🤖 AI Summary
To address excessive end-to-end maximum latency in aerial-access-point (AAV)-enabled integrated sensing, communication, and computing (ISCC) systems, this paper pioneers the integration of movable antennas onto AAV platforms and proposes a joint optimization framework encompassing antenna positioning, computational resource allocation, and beamforming. To tackle the inherent non-convexity and strong coupling among these variables, a two-layer iterative algorithm is developed, synergizing particle swarm optimization (PSO) with convex optimization techniques. Simulation results demonstrate that the proposed scheme significantly reduces the system’s maximum latency—achieving a 32.7% improvement over baseline methods under typical operational scenarios—while simultaneously enhancing channel quality and task offloading reliability.

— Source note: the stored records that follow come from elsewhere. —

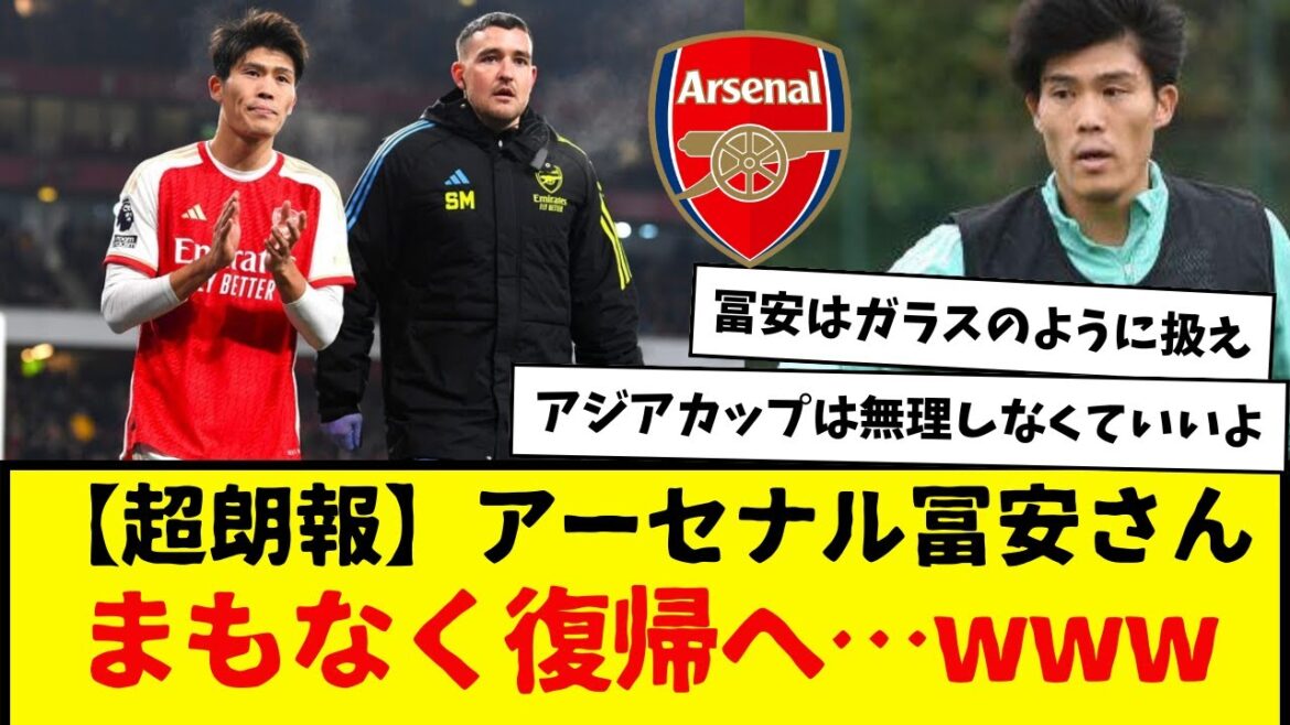 サッカー日本代表でアーセナル所属の冨安さん、14節で負傷して以降離脱が続いていたが、早ければ1月上旬にも復帰の可能性があるという。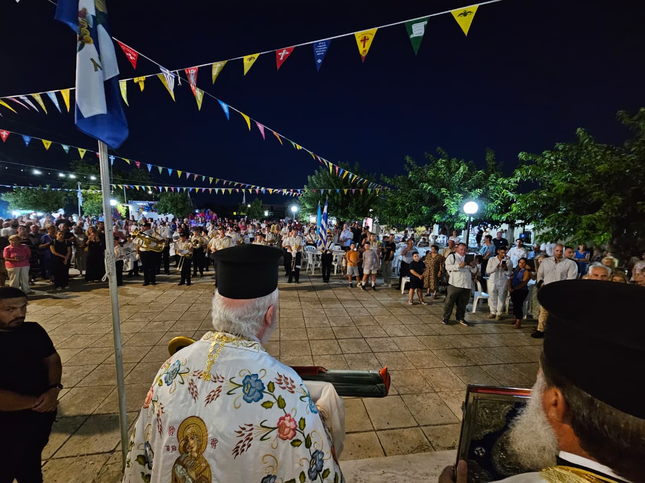 Μετά την δέηση στα σκαλούνια του Ναού της Παναγούλας, ο οικείος Εφημέριος, Πρωτοπρεσβύτερος του Οικουμενικού Θρόνου Παναγιώτης Καποδίστριας, ομίλησε προς τους πανηγυριστές περί της οφειλομένης τιμής και προσκύνησης της Παναγίας Μητέρας του Θεού και των ανθρώπων, εξαιτίας της συμβολής Της στην διάσωση και θέωση του ανθρώπινου γένους. Κατακλείοντας, ευχαρίστησε θερμά όσους συμμετείχαν στην προετοιμασία και πραγματοποίηση της Πανηγύρεως, κυρίως τα Μέλη του Εκκλησιαστικού Συμβουλίου, τα Μέλη της Επιτροπής Πανηγύρεως και τους Χορηγούς, που υπερέβαλαν εαυτούς για την επιτυχία της όλης πολυαπαιτητικής διοργάνωσης.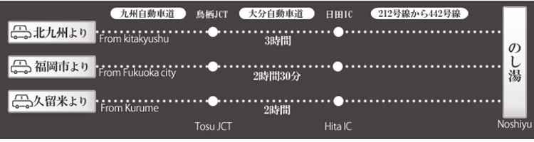 福岡空港より 黒川温泉直行バス(西鉄高速バス)■福岡空港 ⇒ 黒川温泉バス停 :約2時間15分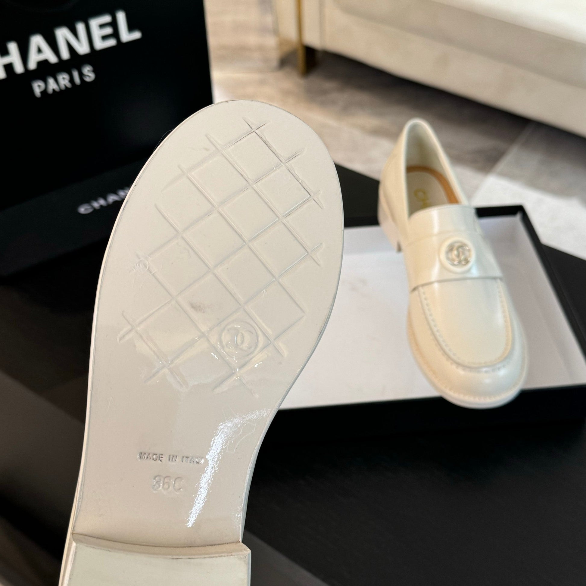CC Moccasins Glossy White Cowhide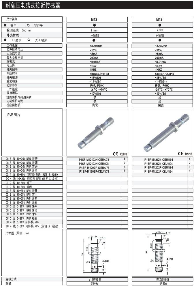 M12 2mm 齊平/非齊平 不銹鋼 體長:78.94mm M12連接器 耐高壓電感式接近傳感器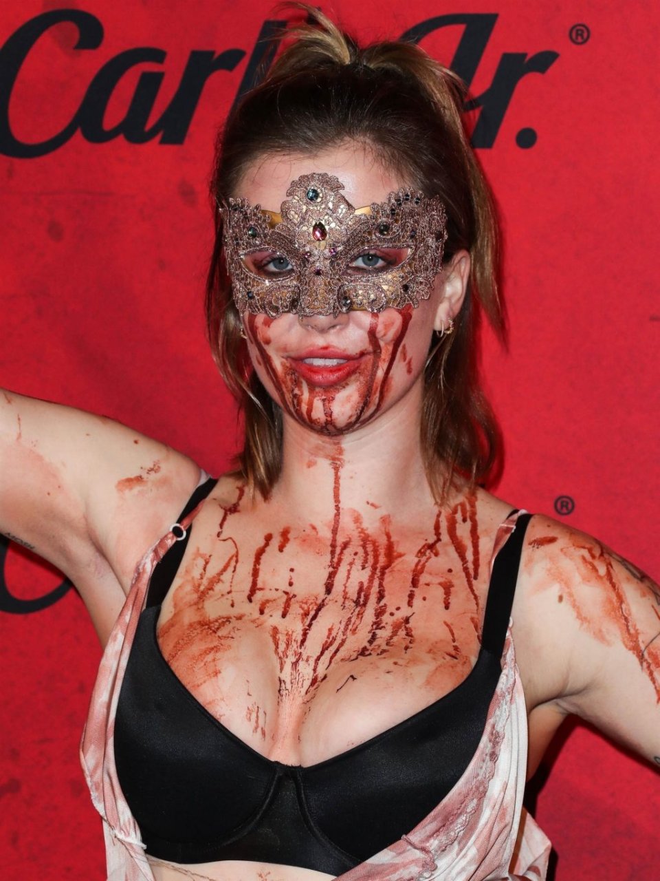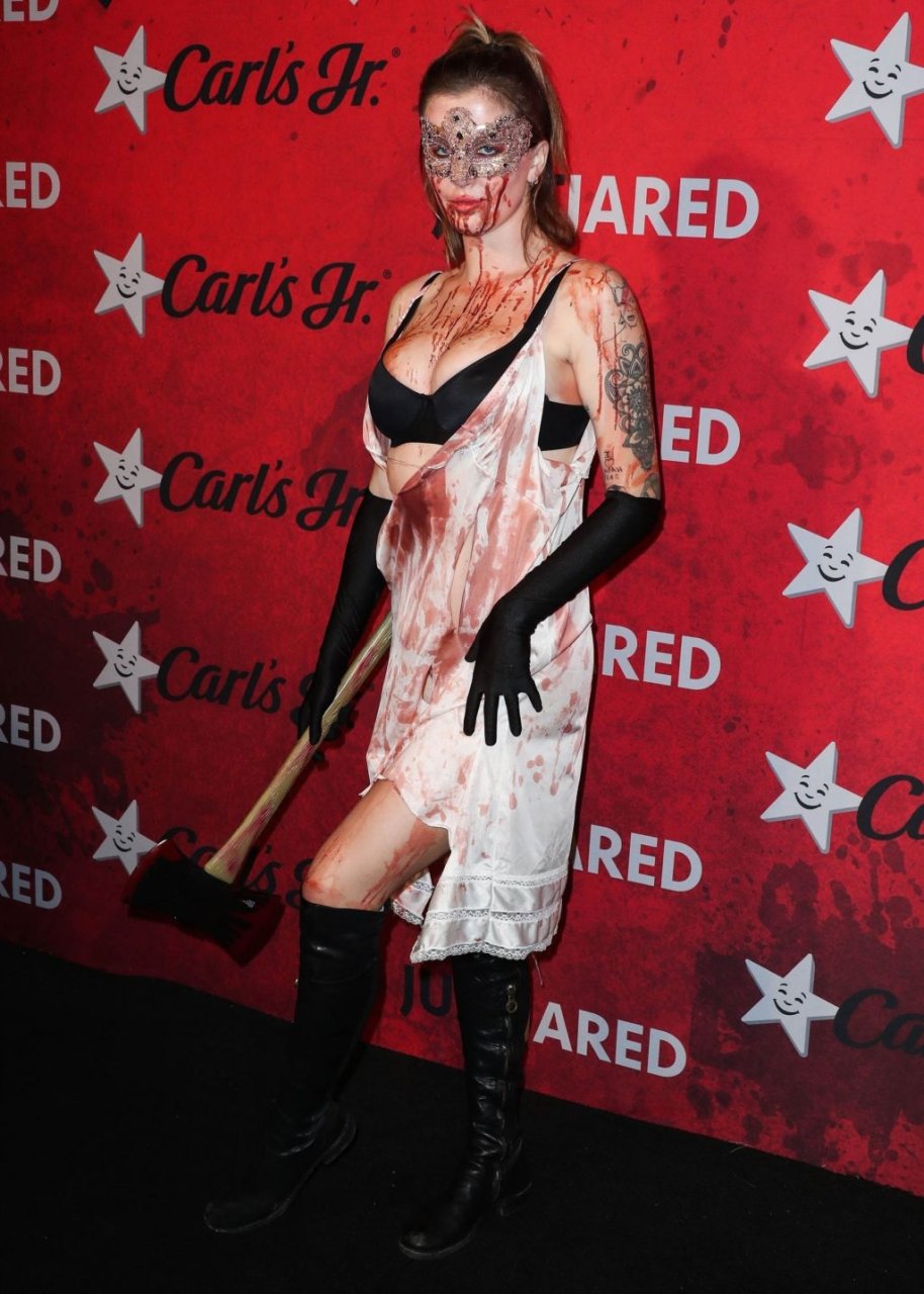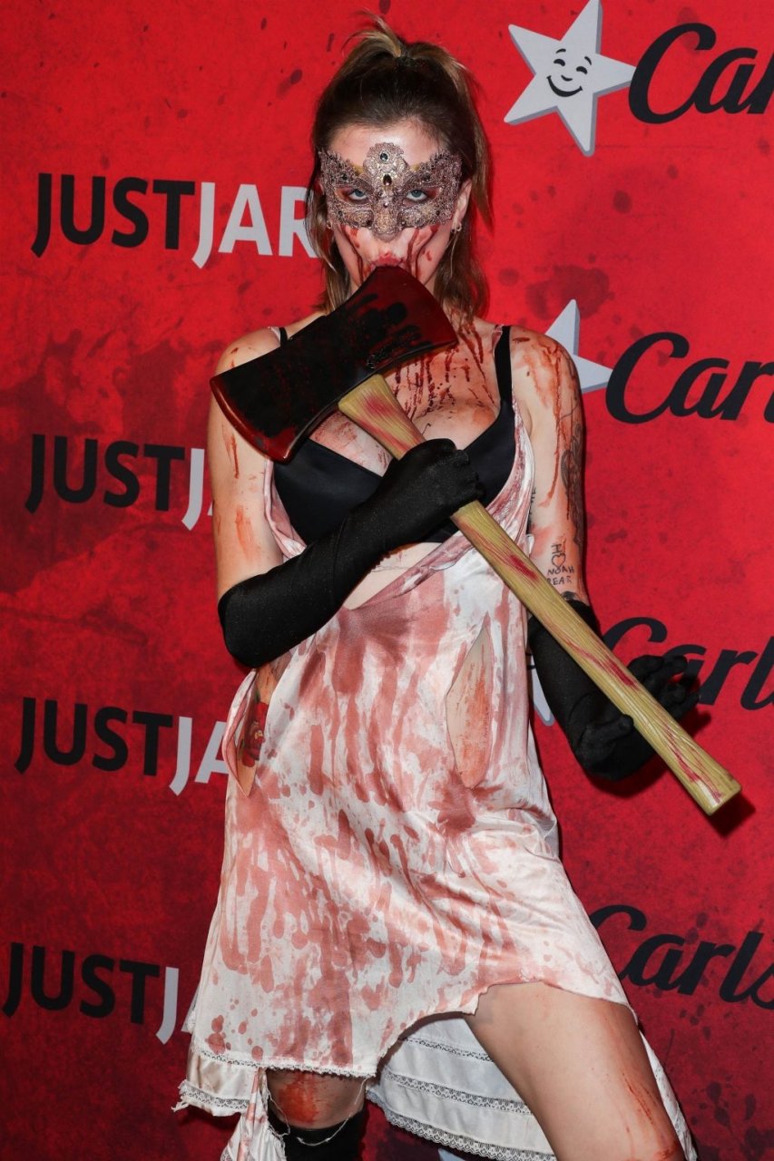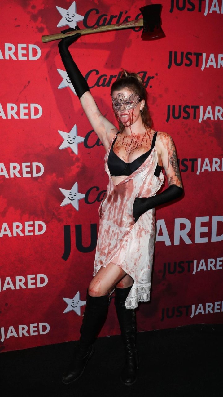 Model Ireland Baldwin a eu un problème de garde-robe (glissement de chatte) lors de la 7e fête annuelle d’Halloween de Just Jared aux Goya Studios à Los Angeles, le 27/10/2018. C’est le bon trou !

This work establishes a novel low-latency architectural paradigm for dynamic airborne ISCC systems.
📝 Abstract
This paper investigates an autonomous aerial vehicle (AAV)-enabled integrated sensing, communication, and computation system, with a particular focus on integrating movable antennas (MAs) into the system for enhancing overall system performance. Specifically, multiple MA-enabled AVVs perform sensing tasks and simultaneously transmit the generated computational tasks to the base station for processing. To minimize the maximum latency under the sensing and resource constraints, we formulate an optimization problem that jointly coordinates the position of the MAs, the computation resource allocation, and the transmit beamforming. Due to the non-convexity of the objective function and strong coupling among variables, we propose a two-layer iterative algorithm leveraging particle swarm optimization and convex optimization to address it. The simulation results demonstrate that the proposed scheme achieves significant latency improvements compared to the baseline schemes.